Wednesday, June 01, 2005

Baadasssss!

Films about films have a long and often noble tradition in Hollywood, from Charlie Chaplin’s 1916 short Behind the Screen via Sunset Boulevard, The Player and even last year’s The Aviator. The old adage for aspiring novelists to “write about what you know” can apply just as well to filmmakers. They know Hollywood and the movie business inside out, and in this particular genre there have been far more hits than misses. Strike this one up as another definite hit – in terms of style, humour, interest and entertainment, if not, thanks to its relatively limited release, box-office takings.

As the flower power of the 1960s raged, the black writer/director Melvin Van Peebles had a dream – a film with an all-black cast, dealing with all-black subjects. But, less than a decade after the Civil Rights movement had finally secured true emancipation for the African American population, racism and snobbery in America was still such that such a film was considered not only likely to be a commercial failure, but potentially dangerous for any mainstream studio to be finance.

On point of principle as much as through conviction that his screenplay would be a success, Van Peebles decided to self-finance, scraping together – with the aid of a $50,000 loan from rising black TV star Bill Cosby – just enough money to bring his dream to life. Taking on directorial duties as well as the lead role, Van Peebles created the first true Blaxploitation movie, one of the defining films of the 70s that would be described in certain quarters as “the black Citizen Kane”. It grossed over $10 million, and spawned countless imitators – including the likes of Quentin Tarantino’s Jackie Brown.

But Sweet Sweetback’s Baadasssss Song’s importance was not just for its story – black/white racial tension and police brutality amongst the counterculture’s rejects, with a liberal dosing of sex and swearing – but for the way in which it was made. In the first place it was practically unheard of to self-finance a movie, but it was certainly unheard of to make a movie in this way – with an almost entirely amateur cast and crew scrimping, scrounging and stealing anything it took to get the thing made. It is a genuinely fascinating story of perseverance, immorality and inspiration, and has already been the subject of a bestselling making of book – also written by Van Peebles.

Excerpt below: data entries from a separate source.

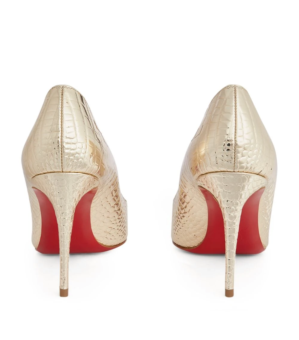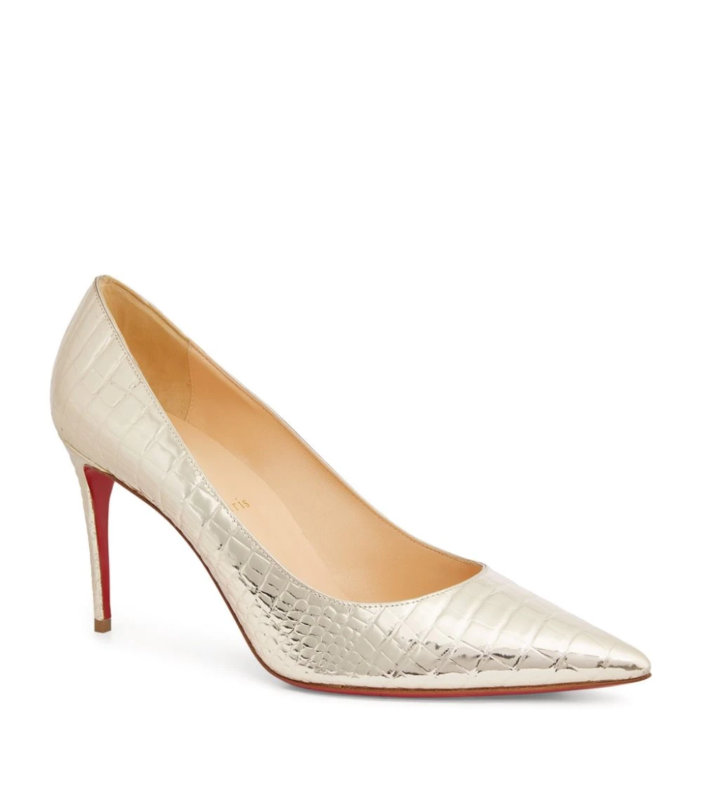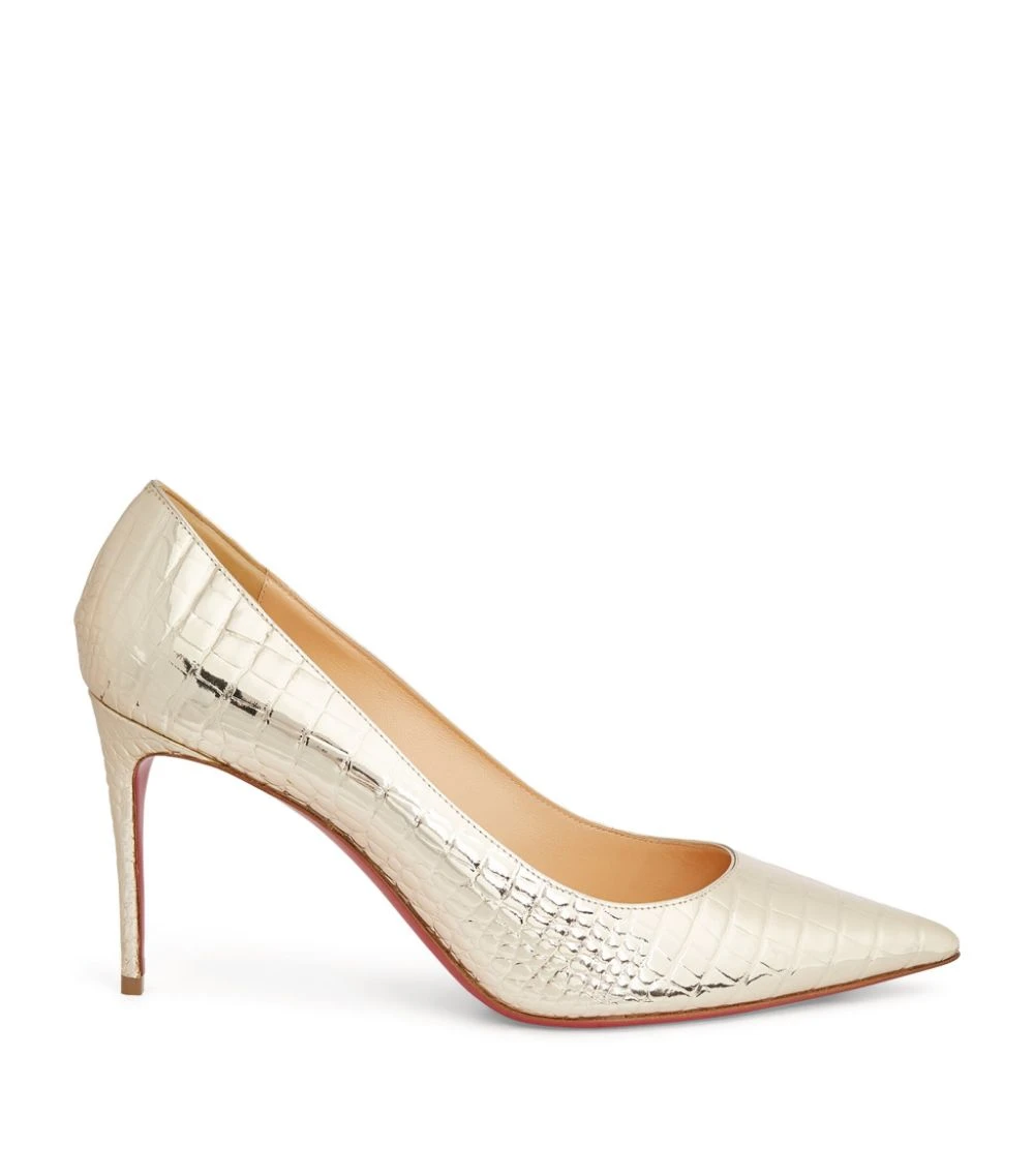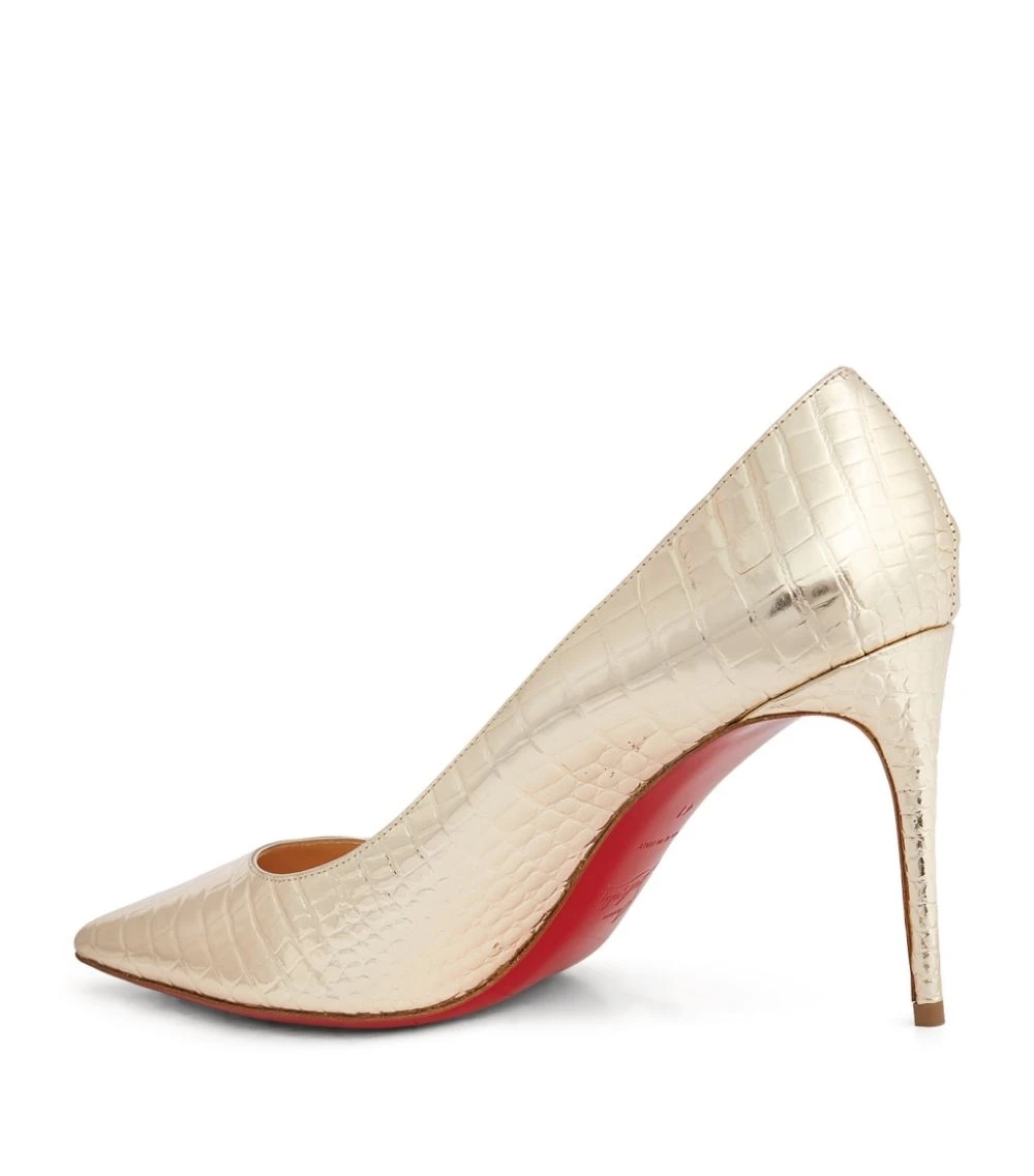 It was his assistant painting her nails that first gave Christian Louboutin the idea for the red lacquered sole, and the motif has since become one of fashion’s most distinctive symbols of exclusivity. When it’s partnered with the Kate pump – a sensual, sculptural silhouette defined by a stiletto heel and metallic, croc-embossed exterior – there’s simply no shoe that embodies the Maison’s aesthetic more.Please note, Christian Louboutin’s signature lacquered soles will wear out with use; this is normal wear and tear and is not considered to be a manufacturing defect. Please try these shoes on a carpeted surface, as any damage to the soles may prevent us from accepting returns.
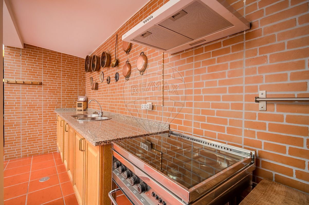 Temos ainda um terraço no primeiro piso onde podemos apreciar uma vista deslumbrante, com solário, churrasqueira e painel solar para água quente.
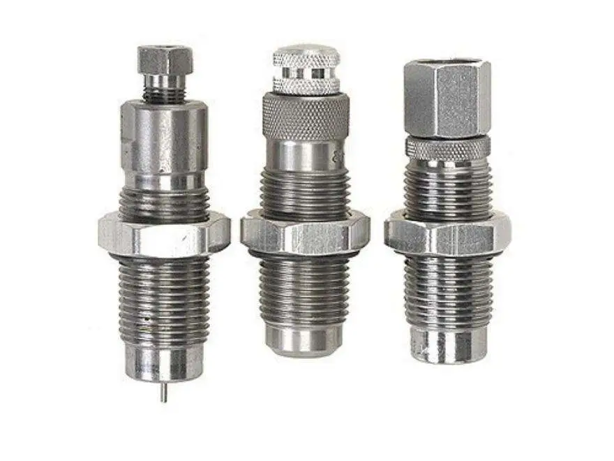 Lee's Steel 3-Die Set for handgun calibers consists of a full-length sizing die (requires case lubrication), bullet seating die, and powder through expander die. It includes a Universal Shell Holder, Powder Dipper, and Instructions/Load Data all packaged in a fitted storage box.
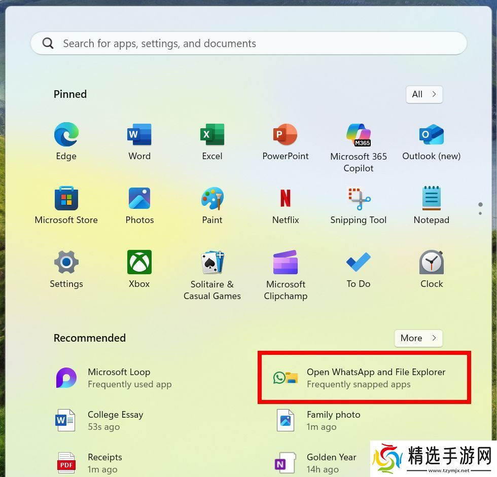 微软正在测试一项新功能,根据用户最可能同时使用的两个应用,在开始菜单的推荐部分推荐应用组合。本站附上截图如下,可以同时打开WhatsApp和文件管理器:
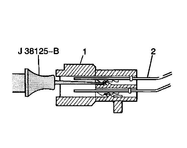 4. Remove the red/blue wire (2) from the cruise control switch electrical connector (1) with a terminal remover from the J 38125-B.
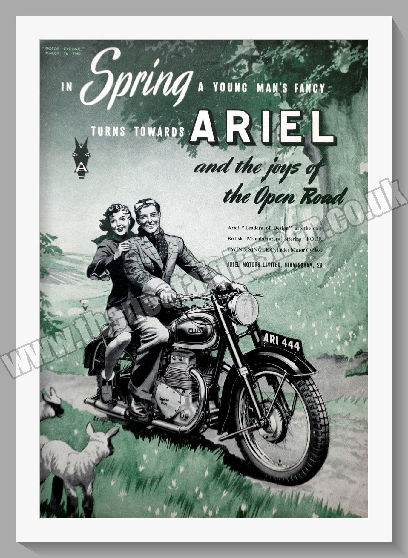 Ariel Motorcycles. Original Vintage Advert 1950. Presented and Supplied in a cream bevel cut mount with backing card and clear bag. Ready to fit in 14 x 11 inch frame. All our adverts, unless clearly stated are Originals from the date shown They make excellent pieces of wall art and stunning gifts. Many are rare and hard to find and once sold, may not be replaced. Remember you are buying a piece of history. Website watermark is not on original. Ariel Motors Ltd, Ariel Bikes, Vintage Ariels. Ariel Motorcycles.
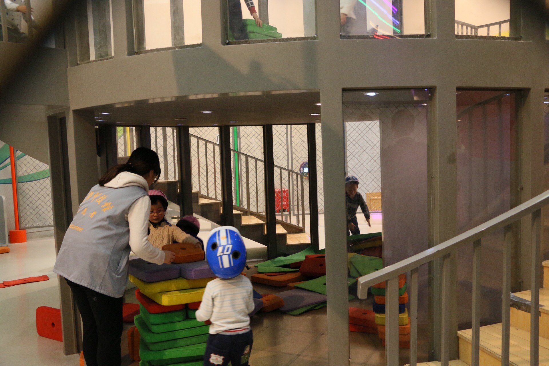 生物萬象展區(qū)出口處的志愿者負(fù)責(zé)疏導(dǎo)人群,指引游客前往下一個參觀地點。彩虹兒童樂園處的志愿者化身守護(hù)天使,負(fù)責(zé)孩子們的安全保障。智慧之光展區(qū)的志愿者則是為游客講解館內(nèi)展品工作原理的小解說員。動感影院的志愿者有條不紊地在門口為前來觀影的游客檢票。
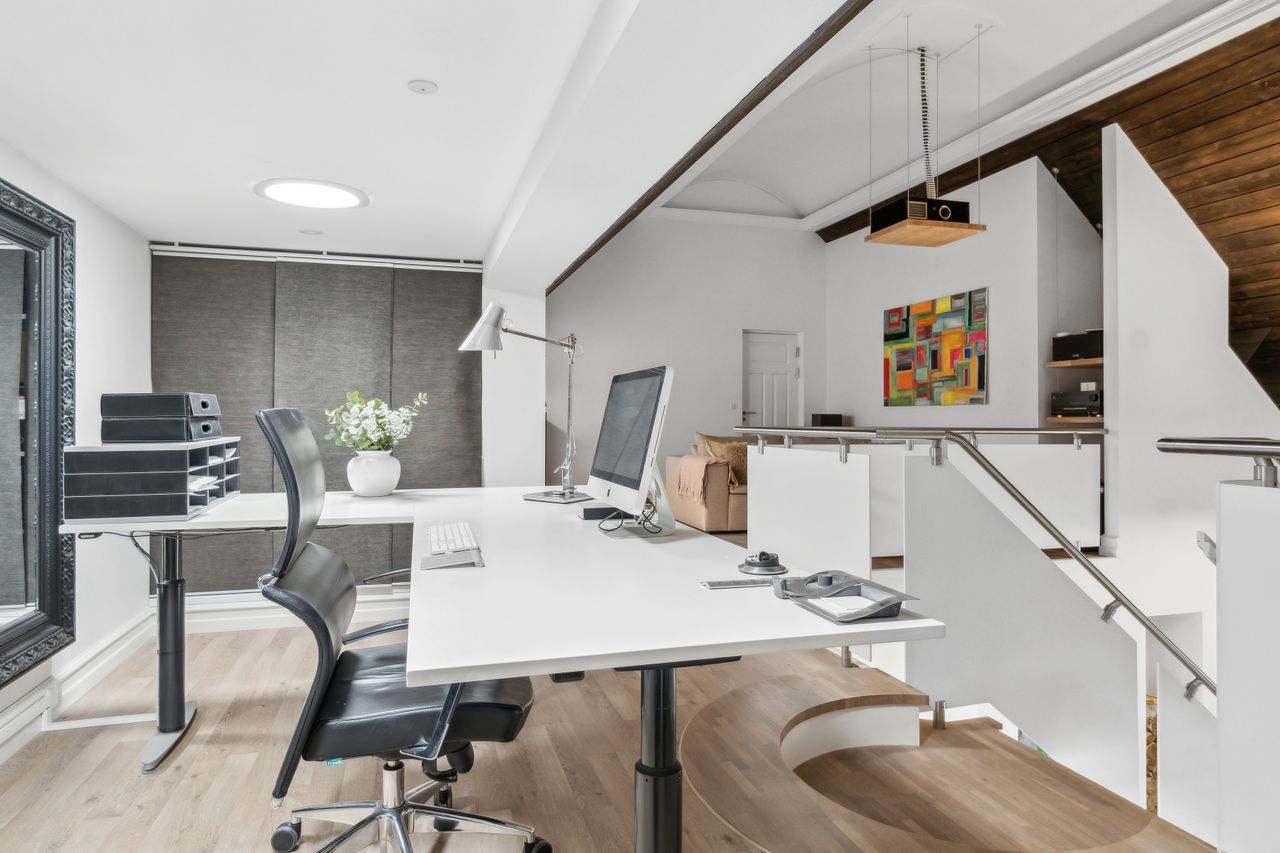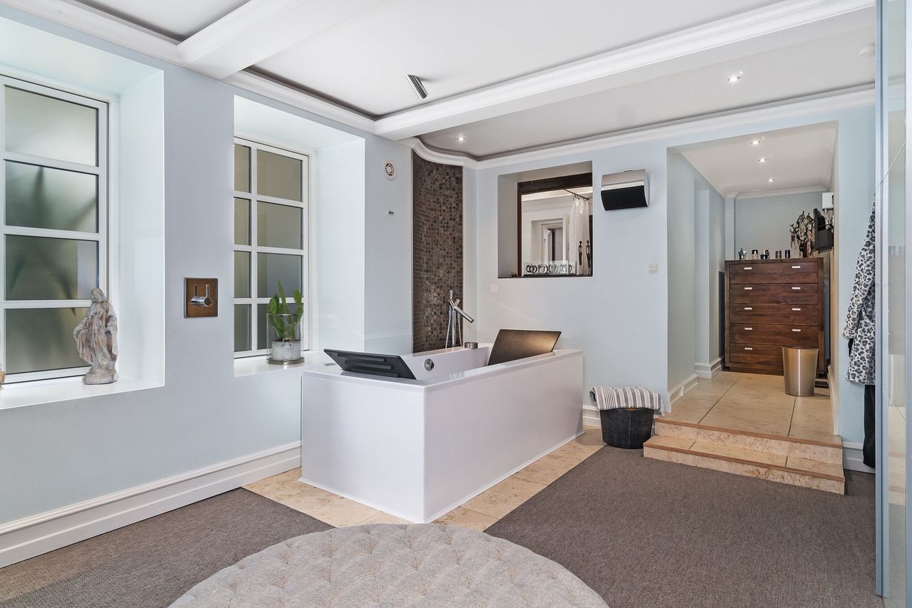 Ejendommen er totalrenoveret i perioden 2003-2007 og fremstår med et klassisk og moderne udtryk. Det sortglaserede tegltag og facaden med hvide stenplader og zink sikrer minimal vedligeholdelse, mens luksuriøse detaljer som en loftshøjde på otte meter og mørkbejdset lærketræ skaber en unik atmosfære indendørs.

Now, over three decades after Sweetback hit theatres in 1971, Van Peebles’ son Mario – the director of another defining black film, the “gangsta” classic New Jack City – has managed to bring the story of his father’s struggle to make his masterpiece to the screen. Just like Dad, he writes, directs and stars – as his father. What he has also managed to do is make a truly superb docudrama-cum-biopic which actually manages to be even better than the film it is about.

For anyone interested in the inventiveness of the counterculture rebels on the fringe of the 1970s, the history of Hollywood or the Civil Rights movement, this is a must-see. For the rest, it’s a funny, fascinating and sympathetic movie which somehow, despite son playing father, manages to avoid pulling any punches about some of the more sordid details.